Context: the mirrored browser probe finally reproduced the real failure class on 2026-05-01: activity_start_delta_ms=+9591.1. This means the end-to-end browser-visible path can still start video far ahead of audio. The fix target is not silence in the logs; it is a freshness-first A/V uplink whose startup can heal briefly but cannot drift into seconds of skew.

Acceptance Criteria

  • Mirrored browser probe passes with activity_start_delta_ms <= 1000.
  • Steady-state preferred sync: median skew within 35 ms.
  • Steady-state acceptable sync: p95 absolute skew within 80 ms.
  • Any sustained or startup A/V split near 1000 ms remains a hard failure.
  • No stale audio backlog is ever drained into UAC to catch up.
  • No stale video backlog is ever drained into UVC to catch up.
  • Google Meet manual testing agrees with the mirrored probe instead of revealing hidden seconds-scale skew.

Phase 0: Keep The Probe Honest

  • Split raw activity-start fields from filtered/coded paired-pulse fields in probe reports.
  • Print explicit raw first-video and first-audio timestamps in report.txt.
  • Root-cause the 0.16.17 raw_first_video_activity_s=0.000 artifact as the mirrored probe counting its own bright pre-start positioning card.
  • Make the mirrored stimulus pre-start screen dark/dim so only real flash pulses can be detected as video activity.
  • Add analyzer coverage proving dim pre-start positioning frames are ignored.
  • Replace generic light/dark mirrored flashes with color-coded event IDs.
  • Make mirrored audio pulses unique by the same event ID via pulse width plus tone frequency.
  • Teach the analyzer to decode mirrored video event IDs from color, not grayscale brightness.
  • Tighten real-camera color matching after 0.16.18 accepted washed-out brown/gray remnants as red/yellow events.
  • Preserve raw activity-start timing before cadence cleanup in coded reports.
  • Merge short audio envelope dropouts inside one coded pulse so a single tone burst cannot become two fake events.
  • Add diagnostic coded-pair correlation so stable large skew reports as measured failure instead of not enough pairs.
  • Make coded mirrored verdicts/calibration use matched coded pulses as authority; raw activity-start deltas are reported separately unless they agree with the coded pairs.
  • Print unpaired video/audio onsets in the human report so missed coded pulses are visible during probe triage.
  • Keep the mirrored browser probe as the release/blocking upstream A/V gate.
  • Keep the old raw-device probe as a lower-level diagnostic only.
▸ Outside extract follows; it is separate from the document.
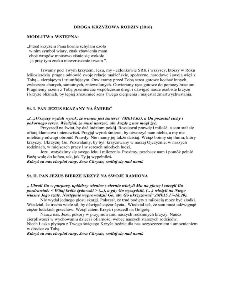 DROGA KRZYŻOWA RODZIN (2016) MODLITWA WSTĘPNA: „Przed krzyżem Pana kornie schylam czoło w nim symbol wiary, znak zbawienia mam choć wrogów mnóstwo ciśnie się wokoło ja przy tym znaku niewzruszenie trwam ”. Trwamy pod Twym krzyżem, Jezu, my - członkowie SRK i wszyscy, którzy w Roku Miłosierdzia pragną odnowić swoje relacje małżeńskie, społeczne, narodowe i swoją więź z Tobą – cierpiącym i triumfującym. Otwieramy przed Tobą serca gotowe kochać innych, zwłaszcza chorych, samotnych, zniewolonych. Otwieramy ręce gotowe do pomocy braciom. Pragniemy razem z Tobą przemierzać współczesne drogi i dźwigać nasze osobiste krzyże i krzyże bliźnich, by lepiej zrozumieć sens Twego cierpienia i majestat zmartwychwstania. St. I. PAN JEZUS SKAZANY NA ŚMIERĆ „(...)Wszyscy wydali wyrok, że winien jest śmierci” (Mk14,65), a On pozostał cichy i pokornego serca. Wiedział, że musi umrzeć, aby każdy z nas mógł żyć. Przyszedł na świat, by dać ludziom pokój. Rozsiewał prawdę i miłość, a sam stał się ofiarą kłamstwa i nienawiści. Przyjął wyrok śmierci, by otworzyć nam niebo, a my nie mieliśmy odwagi obronić Prawdy. Nie mamy jej także dzisiaj. Wciąż boimy się tłumu, który krzyczy: Ukrzyżuj Go. Pozwalamy, by był krzyżowany w naszej Ojczyźnie, w naszych rodzinach, w miejscach pracy i w sercach młodych ludzi. Jezu, wstydzimy się swego lęku i milczenia. Prosimy, przebacz nam i pomóż pełnić Bożą wolę do końca, tak, jak Ty ją wypełniłeś. Któryś za nas cierpiał rany, Jezu Chryste, zmiłuj się nad nami. St. II. PAN JEZUS BIERZE KRZYŻ NA SWOJE RAMIONA „ Ubrali Go w purpurę, uplótłszy wieniec z ciernia włożyli Mu na głowę i zaczęli Go pozdrawiać: < Witaj królu żydowski > (...), a gdy Go wyszydzili, (…) włożyli na Niego własne Jego szaty. Następnie wyprowadzili Go, aby Go ukrzyżować”.(Mk15,17-18,20). Nie wydał jednego głosu skargi. Pokazał, że trud podjęty z miłością może być słodki. Wiedział, że trzeba wiele sił, by dźwigać ciężar życia., Wiedział też, że sam musi udźwignąć ciężar ludzkich grzechów. Wziął zatem Krzyż i poszedł na Golgotę. Naucz nas, Jezu, pokory w przyjmowaniu naszych rodzinnych krzyży. Naucz cierpliwości w wychowaniu dzieci i ofiarności wobec naszych starszych rodziców. Niech Łaska płynąca z Twego świętego Krzyża będzie dla nas oczyszczeniem i umocnieniem w drodze za Tobą. Któryś za nas cierpiał rany, Jezu Chryste, zmiłuj się nad nami. St. III.PAN JEZUS UPADA POD KRZYŻEM Pouczał, że „ Syn Człowieczy musi wiele wycierpieć, że będzie odrzucony ”(Mk8, 31) i tak się stało. Upadł pod ciężarem ludzkich grzechów, by wypełnić wolę Ojca. Bóg, który dał moc i siłę człowiekowi, upadł pod ciężarem ludzkich grzechów. Upadł, ale w imię miłości powstał i poszedł dalej. Zakomunikował światu, że „miłość wszystko przetrzyma”(Kor13,7). Naucz nas, Jezu, takiej miłości. Pokaż, jak w małżeńskim życiu powstawać, mimo ciągłych upadków. Jak do siebie wracać, mimo ciągłych odejść. Jak żyć ze sobą i dla siebie. Otwórz nasze serca na młodych, szukających szczęścia po omacku. Wskaż nam drogę do ich serc i umysłów. Naucz współpracować z Bożą łaską. Któryś za nas cierpiał rany, Jezu Chryste, zmiłuj się nad nami. St. IV. PAN JEZUS SPOTYKA MATKĘ BOLESNĄ „ Twoją duszę miecz przeniknie” ( Łk2,35) – mówił Symeon, lecz Ona wtedy nie rozumiała tych słów. Teraz wszystko stało się jasne. Najukochańsza z niewiast –Matka, choć cierpiała, była szczęśliwa, bo jednym spojrzeniem dodała Synowi sił. A Syn odczytał Jej ból i wlał w serce pewność, że Jego ofiara ma sens. Jezu, naucz nas takiego zawierzenia Bogu i takiej miłości do rodziców. Przytul do Swego miłosiernego serca każdego ojca i każdą matkę. Bądź blisko tych, którzy patrzą na duchową i fizyczną śmierć swoich dzieci. Błogosław młodym małżonkom w ich macierzyństwie i ojcostwie. Wspieraj w dobru małżeństwa niesakramentalne. Oddaj nas w opiekę Swojej Matce. Któryś za nas cierpiał rany, Jezu Chryste, zmiłuj się nad nami. St. V. SZYMON Z CYRENY POMAGA PANU JEZUSOWI DŹWIGAĆ KRZYŻ „ Przymusili niejakiego Szymona z Cyreny, (...) żeby niósł krzyż Jego” (Mk15,21). Wracał właśnie z pola. Mimo zmęczenia nie odmówił. Gdy Jezus rozmnażał chleb i ryby, lgnęły do Niego miliony. Gdy wziął na ramiona zbawienie świata, pozostał sam. Jeden Szymon z Cyreny przyszedł Mu z pomocą, ale… został do tego przymuszony. My także, zapracowani, skoncentrowani na pomnażaniu dóbr osobistych , często pozostajemy obojętni na ludzką krzywdę i nieczuli wobec oczekujących pomocy nawet w najbliższym otoczeniu: w rodzinie, w sąsiedztwie, w parafii. Prosimy, Panie, udoskonal w Roku Miłosierdzia naszą wrażliwość na innych ludzi, zwłaszcza na tych, którzy prócz Ciebie nie mają nikogo. Spraw, byśmy nie z przymusu lecz z dobrej woli, naśladowali w codzienności postawę Cyrenejczyka i każdego dnia służyli Tobie w braciach. Któryś za nas cierpiał rany, Jezu Chryste, zmiłuj się nad nami. St. VI. ŚWIĘTA WERONIKA OCIERA TWARZ PANA JEZUSA „ Do każdego, który przyzna się do Mnie przed ludźmi, przyznam się i Ja przed Ojcem, który jest w niebie” (Mt10,32) Ociekający krwią, ukoronowany cierniem i zlany potem znosił cierpliwie wszystkie szyderstwa i pogardę ludu. I nagle z tego ludu wyszła niewiasta – św. Weronika. Okazując litość Zbawcy, otarła chustą Jego skrwawioną twarz, a On pozostawił na niej swoje oblicze. Jezu, niech wspomnienie tamtego spotkania wzbudzi w nas pamięć o tym, że każdy z nas został stworzony na Twój obraz i podobieństwo. Bądź uwielbiony, Panie, nie tylko w twarzach bohaterskich niewiast, ale także w ich zmęczonych i zapłakanych oczach. Bądź uwielbiony w postawie dzielnych ojców i w cierpieniu mężcz

Phase 1: Stop One-Sided Startup Drift

  • Default upstream planning must require both camera and microphone before live playout.
  • One-sided playout may only happen through an explicit compatibility override.
  • While pairing is overdue, keep replacing the waiting-side anchor with fresh packets instead of preserving stale startup anchors.
  • While awaiting the peer stream, keep only fresh pending camera packets.
  • While awaiting the peer stream, keep only fresh pending microphone packets.
  • Send the latest camera packet from the client uplink queue instead of draining old-but-not-yet-stale video backlog.
  • Add tests proving the pairing window no longer expires into one-sided playout by default.
  • Add tests proving the explicit one-sided override still works for intentional single-stream scenarios.

Phase 2: Bound UAC Freshness

  • Configure UAC appsrc as non-blocking and bounded.
  • Log and drop UAC appsrc push failures instead of treating enqueue as guaranteed playback.
  • Raise calibration offset limits enough to cover the measured MJPEG/UVC path delta without rejecting probe corrections.
  • Update the MJPEG/UVC factory audio baseline from the old -45ms/+720ms values to +1260ms as the mirrored probe exposes the fresh UAC-vs-UVC path delta.
  • Migrate untouched legacy -45ms factory/env calibration files on load so old installs actually receive the new baseline.
  • Make the video/audio-master wait offset-aware so a positive audio playout delay does not freeze UVC video while UAC sleeps before emission.
  • Flush/stop UAC cleanly on session close, replacement, and recovery.
  • Add tests or contract coverage for bounded UAC settings where practical.

Phase 3: Add Real Timing Evidence

  • Add server timing counters for first camera packet, first mic packet, first UVC write, and first UAC push per session.
  • Add dropped-stale audio/video counters to diagnostics.
  • Add a concise health explanation when startup pairing exceeds the healing window.
  • Surface Starting, Healing, Flowing, Lagging, Dropping, and Stale states in chips/diagnostics from real path evidence.

Phase 4: Recovery And Mid-Session Changes

  • Make device changes trigger soft-pause, stream replacement, queue flush, and re-pairing.
  • Keep recovery soft-first; reserve hard UVC/UAC gadget rebuilds for explicit guarded recoveries.
  • Add cooldown/state guards so recovery buttons cannot wedge Theia.
  • Ensure disconnect closes all client/server media tasks for the session.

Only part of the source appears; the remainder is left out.